Let the Populists Try to Govern Italy
Italy’s election results pose a major challenge for the country and the rest of the European Union. The vote resulted in a hung parliament and saw the rise of two anti-establishment parties: the League and the Five Star Movement. The economic policies of these two parties -- which include deep tax cuts and lavish spending pledges -- would add to Italy’s enormous public debt and put Rome on a collision course with its European allies.
This presents Italy’s mainstream forces, and in particular the center-left Democratic Party (PD), with a major dilemma. The PD lost the elections badly, but it has enough seats to form a government either with the Five Star Movement or with the center-right coalition, including the League and Silvio Berlusconi’s Forza Italia. Having the PD in government has two advantages: It would dilute the programs of the two radical parties, and prevent a “coalition of chaos” between the League and Five Star. At a time of great uncertainty, these are no small feats.
This plan would only provide a short-term fix, however. And it could end up destroying PD’s chances of an electoral resurgence for a long time to come.
As the experiences of the Liberal Democrats in Britain and of the Social Democrats in Germany show, junior partners tend to be crushed in a coalition. And this would not be a normal alliance: The Five Star Movement and the League relentlessly attacked the Democratic Party during the electoral campaign. Their policies -- including for example dismantling Italy’s recent pension reform -- directly conflict with the PD’s ideas. It’s little wonder many PD politicians are vocally opposed to such a pact.
Italy’s mainstream parties would do better to skip a turn.

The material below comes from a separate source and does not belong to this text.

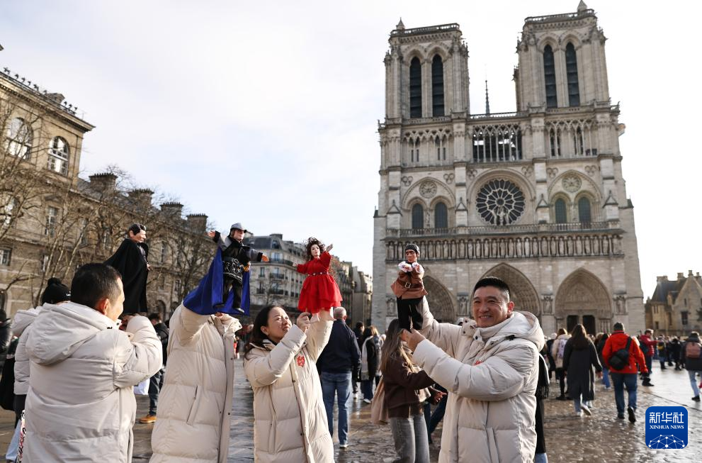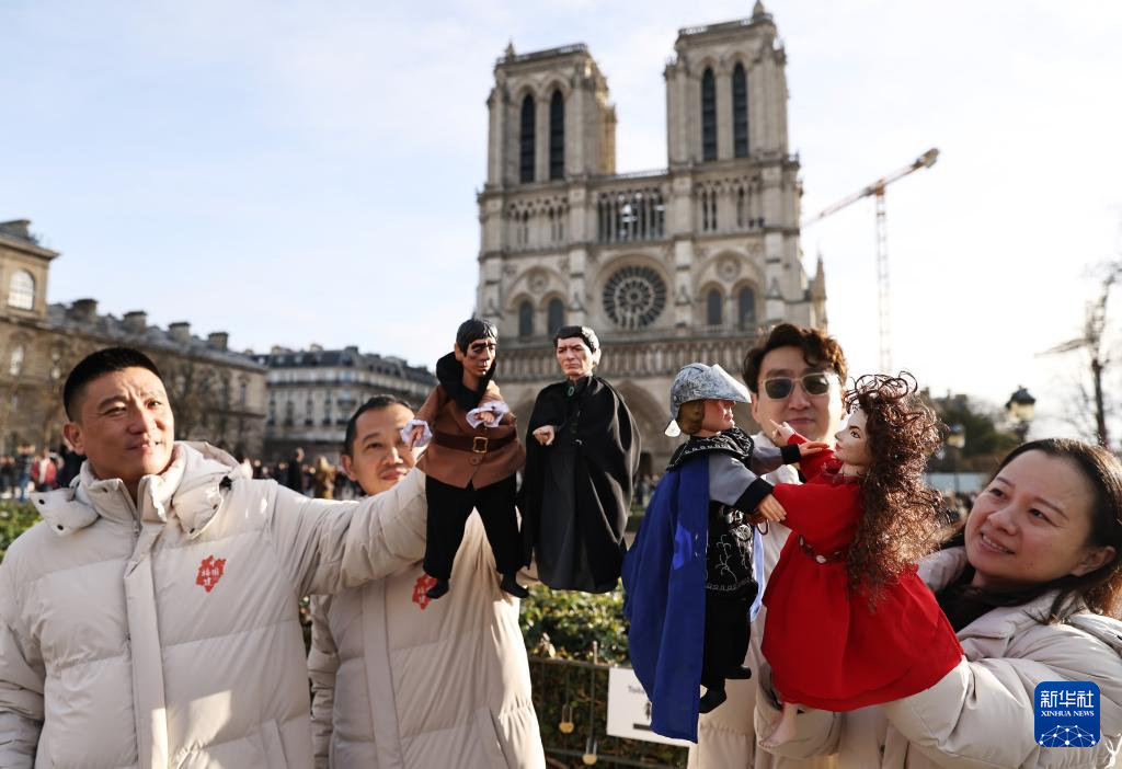 12月15日,在法国巴黎圣母院前,游客体验布袋木偶。

They already have much to worry about. Matteo Renzi, the leader of the Democrats, is stepping down after a catastrophic defeat. The center-left has to find a new leader, who can make the party electable again. The Democrats also need to think about a new program: Italy’s most deprived areas have warmed to the promises of the Five Star Movement, which was the largest vote-winner in the poorer south of the country. The center-left must find a way to regain their support, which is also compatible with their greater commitment to sustainable public finances.
Now it is up to the Five Star Movement and the League to try to form an alliance, if they can. A coalition between Five Star and the League would be representative of what most Italians have voted for. More than 50 percent of voters have backed political parties which are skeptical of the EU and of globalization. It is only fair these forces get a chance to implement their ideas.

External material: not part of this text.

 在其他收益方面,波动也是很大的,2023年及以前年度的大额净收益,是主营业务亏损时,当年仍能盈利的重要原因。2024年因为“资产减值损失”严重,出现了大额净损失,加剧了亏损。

And yet, this is easier said than done. Five Star’s promise of generous income support won it support across the country, but particularly in the south. The League won most of its votes in the wealthier, more commercial north, which liked its pledges of a flat tax. It is hard to see how the League’s northern supporters could live with greater public spending mainly directed at the south. Furthermore, while the German coalition agreement was the result of a painstaking negotiation, committed to paper and binding on the parties, an Italian coalition follows no such conventions. It would likely stumble from political roadblock to political roadblock, with voters given little warning of policy direction.

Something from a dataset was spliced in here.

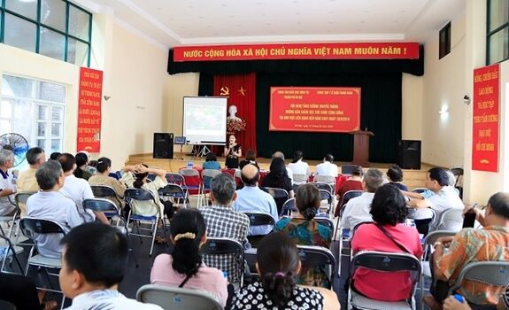 Tham dự buổi truyền thông là các cán bộ ban, ngành của phường, lãnh đạo cụm dân cư, tổ dân phố; cộng tác viên dân số, y tế… Đây cũng là lực lượng tuyên truyền viên nòng cốt để tiếp tục thông tin, tuyên truyền cho người dân trên địa bàn. Tại buổi truyền thông, bác sĩ của Trung tâm Kiểm soát bệnh tật TP Hà Nội cùng chuyên gia của Viện sức khỏe nghề nghiệp và môi trường đã thông tin đến người dân những người có nguy cơ về sức khỏe sau vụ cháy và cần được khám và tư vấn về sức khỏe.
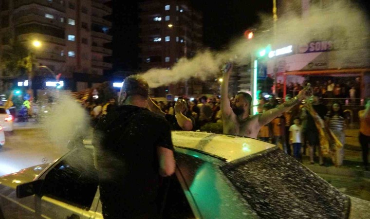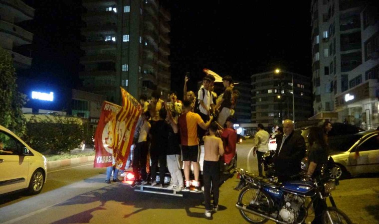 Galatasaray’ın şampiyon olmasının ardından Adana’nın Kozan ilçesinde sokağa çıkan taraftarlar, araçların üzerinde şampiyonluk sevinci yaşadı.

Still, an anti-establishment government would, at least, finally put these parties to the test. For years, the League and Five Star have had the luxury of being in opposition: They were able to criticize the government and the EU, which proved popular in a country that went through a major economic crisis, but were not held responsible for policies themselves. Their plans were vague and subject to little scrutiny. For example, they want the rest of the euro zone to let Italy spend more, but it’s not clear why fiscally conservative countries such as Germany would agree. Where Five Star won control of local administrations, as in Rome, its record has drawn much criticism.
If it proves impossible to form a new government, Italy will face a new round of elections, perhaps as soon as this year. That will prolong the uncertainty, and there’s no guarantee of a different outcome (though parties could agree on a new electoral law which makes it easier to have a winner). But the time would not have been wasted: The PD will have had time to do some real soul-searching. And Five Star and the League will have learned that forming a government -- let alone governing -- is a lot harder than electioneering.